As a result, in this study, a rat model mimicking the clinical features of the MetS-related HFpEF phenotype was established. Subsequently, the MetS and cardiac structure and function in HFpEF rats were assessed. Ultimately, we investigated the pathological changes in the rat heart (such as inflammation, hypertrophy, and fibrosis) and their underlying pathophysiological mechanisms.

2. Materials and methods

2.1. Chemicals and reagents

STZ (Cat. no. S0130) was provided by Sigma-Aldrich (Merck Millipore; Darmstadt, Germany). Total cholesterol (TC) assay kits (Cat. no. 643365), triglycerides (TG) assay kits (Cat. no. 625307), low-density lipoprotein cholesterol (LDL-C) assay kits (Cat. no. 590644), glucose (GLU) assay kits (Cat. no. 613975), and glycated serum protein (GSP) assay kits (Cat. no. 618474) were purchased from Roche Diagnostics Co. (Shanghai). Insulin assay kits (Cat. no. 20221110), atrial natriuretic peptide (ANP) assay kits (Cat. no. 20220221), B-type brain natriuretic peptide (BNP) assay kits (Cat. no. 20220217), soluble growth stimulated expression gene 2 protein (sST2) assay kits (Cat. no. 20220210BX), and galectin-3 (Gal-3) assay kits (Cat. no. 20221118) were purchased from Huaying Biotechnology Research Institute (Beijing, China). High-sensitivity C-protein (hs-CRP) assay kits (Cat. no. 20220305BX), interleukin-1β (IL-1β) assay kits (Cat. no. 20220315BX), and IL-6 assay kits (Cat. no. 20220312BX) were purchased from Xin Bosheng Biotechnology Co. (Beijing, China).
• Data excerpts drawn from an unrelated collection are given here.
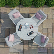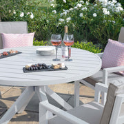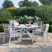 Wine and dine with our 4 seat round dining set, this smaller designed table has been created for those petite patio spaces. Made from light weight aluminium and the chairs crafted with a supporting back and cushion.
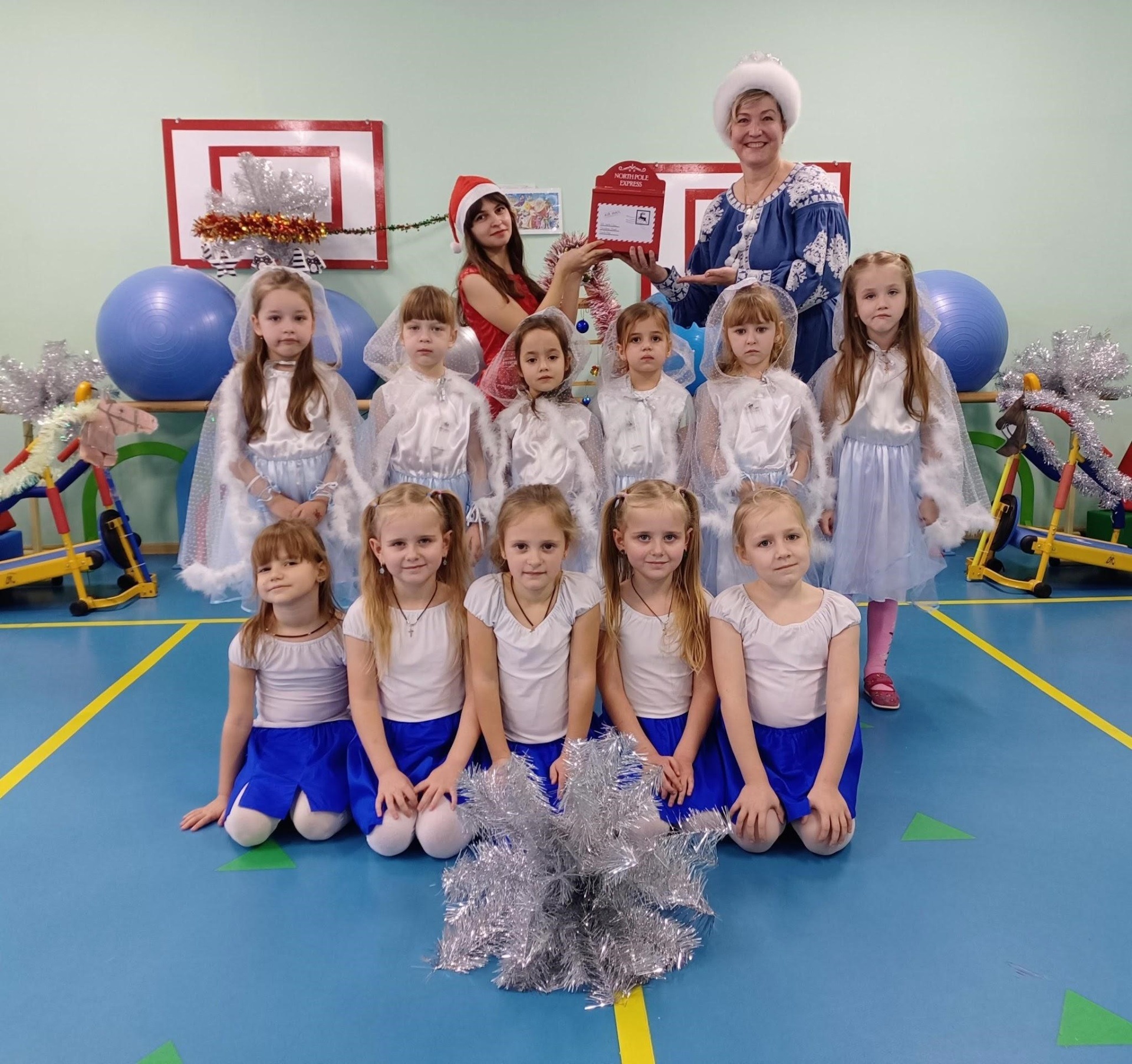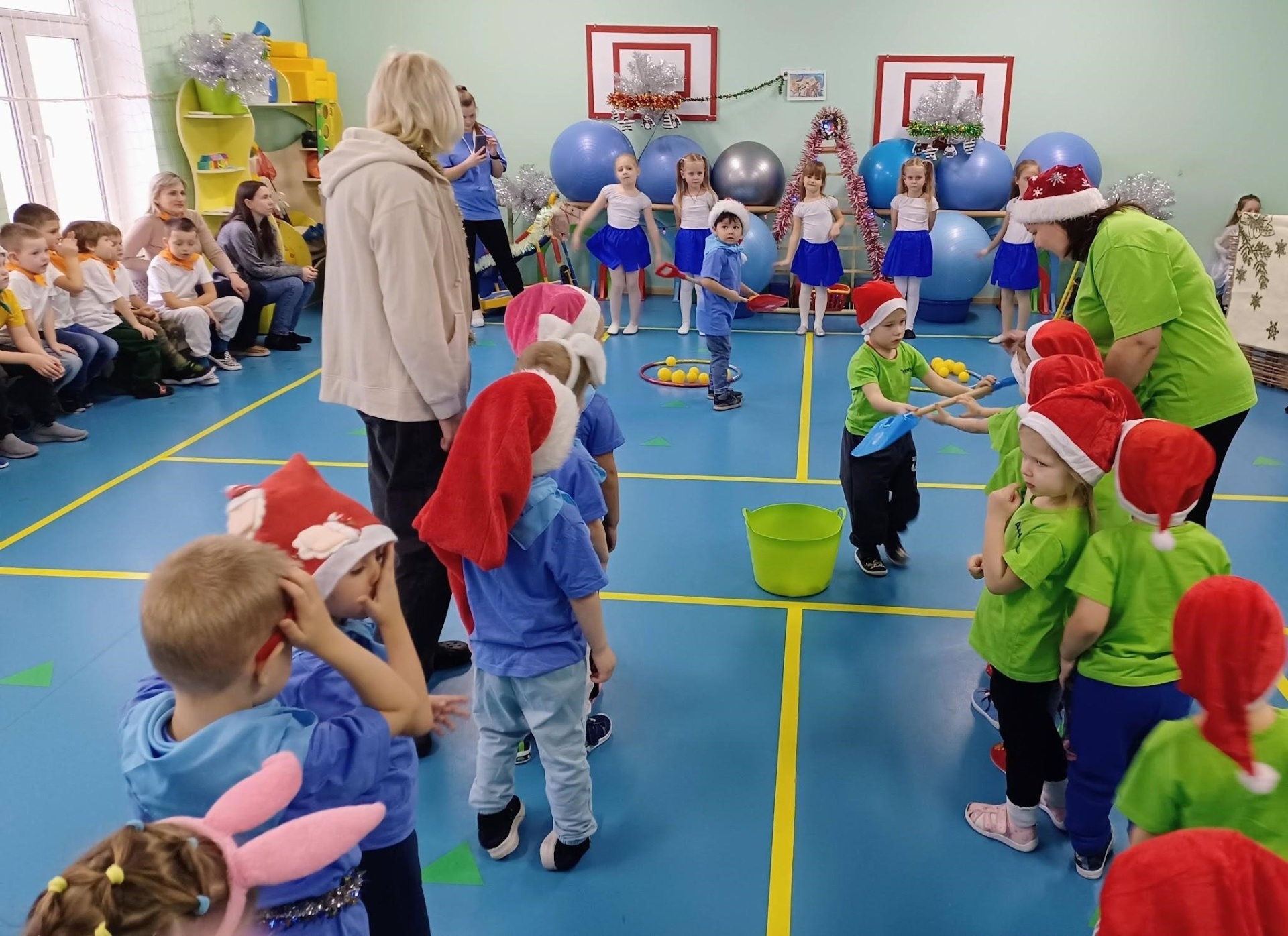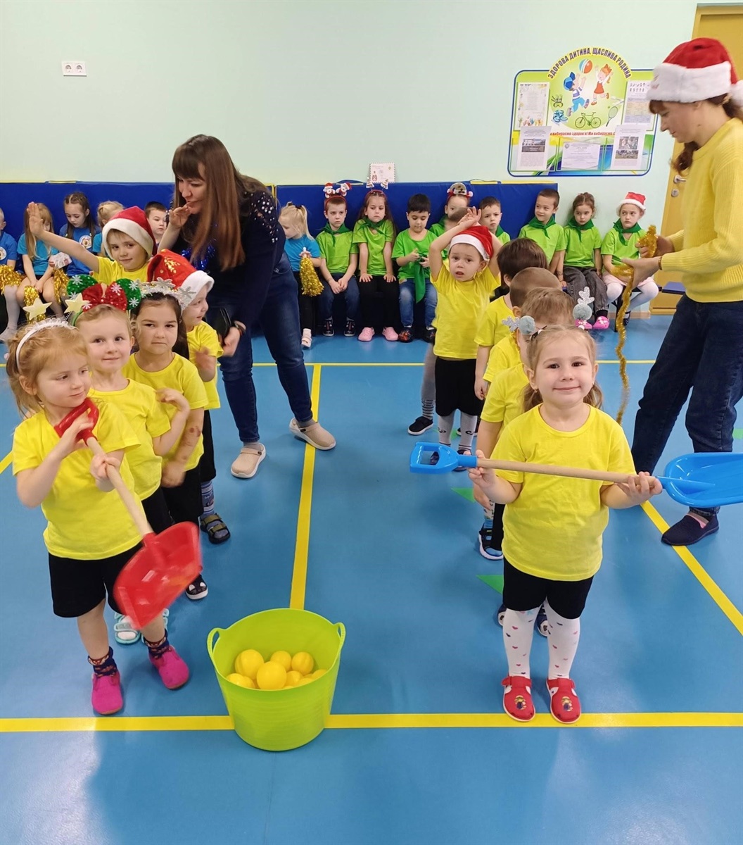 Чарівні снігові кулі (великі м’ячі для фітболу) від Королеви Зими вказали шлях до хатинки Святого Миколая, а вправно ними керували вихованці груп старшого дошкільного віку в ігровому змаганні «Кулі снігові прокоти – шлях до Миколая знайди!».
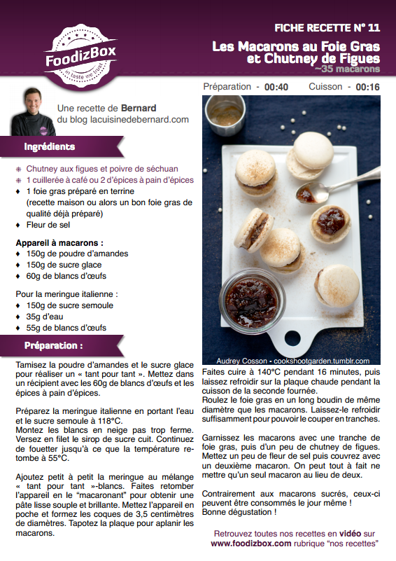 - Garnissez les macarons avec une tranche de foie gras, puis d'un peu de chutney de figues. Mettez un peu de fleur de sel puis couvrez avec un deuxième macaron. On peut tout à fait ne mettre qu'un seul macaron au lieu de deux.
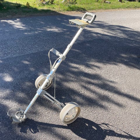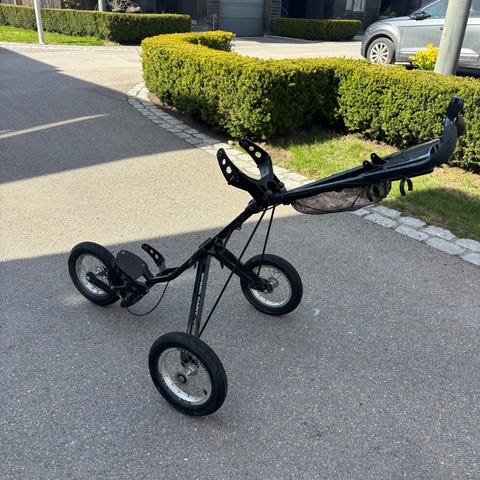Ny foldbar golftralle, og har scorekort-holder + plass til 2 baller.
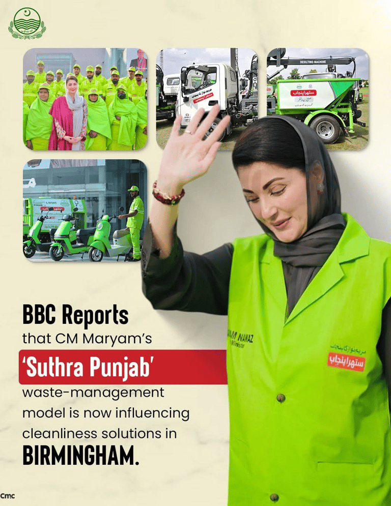 In recent years, the Government of Punjab, Pakistan, under the leadership of Chief Minister Maryam Nawaz Sharif, has embarked on a transformative journey towards sustainable cleanliness. The Suthra Punjab initiative, recognized for its innovative waste-management approaches, has gained attention beyond local borders. Notably, the BBC has reported on its influence, showcasing its effectiveness as a robust model for urban cleanliness, particularly in Birmingham.

The primary antibodies included anti-growth differentiation factor 15 (GDF-15), anti-intercellular adhesion molecule-1 (ICAM-1), anti-vascular endothelial cell adhesion molecule-1 (VCAM-1), anti-phosphoinositide 3-kinase (PI3K), anti-RAC-alpha serine/threonine-protein kinase (AKT), anti-phosphorylated AKT (P-AKT), anti-glycogen synthase kinase 3β (GSK3β, Ser9), anti-P-GSK3β, anti-collagen type I (Coll I), anti-collagen type III (Coll III), anti-α-smooth muscle actin (α-SMA), anti-transforming growth factor-β1 (TGF-β1), anti-Smad2/Smad3, anti-P-Smad2/Smad3, and anti- glyceraldehyde-3-phosphate dehydrogenase (GAPDH). The antibody characteristics, including antibody names, catalog numbers, and producers, were presented in Supplementary Table S1.

2.2. Animals

Twenty SHR rats (SPF level, male, four weeks old, 180–200 g) and ten age-matched Wistar Kyoto (WKY) rats were purchased from Weitong Lihua Experimental Animal Technology Co. [certificate: SCXK (Beijing) 20160006, Beijing, China]. All rats were housed at the experimental animal center (Xiyuan Hospital, Chinese Academy of Chinese Medicine, China) under standard laboratory conditions (23°C and a 12-hour dark-light cycle) with free access to food and water. Twenty SHR rats were randomly assigned to the SHR and HFpEF groups (n = 10 per group). Ten WKY rats served as the normal control group. The rats were allowed to acclimate to the laboratory environment for four weeks before the beginning of the experiment. All animal experiments were approved by the Animal Ethics Committee of Xiyuan Hospital, Chinese Academy of Traditional Chinese Medicine (Approval no. 2021XLC008-3).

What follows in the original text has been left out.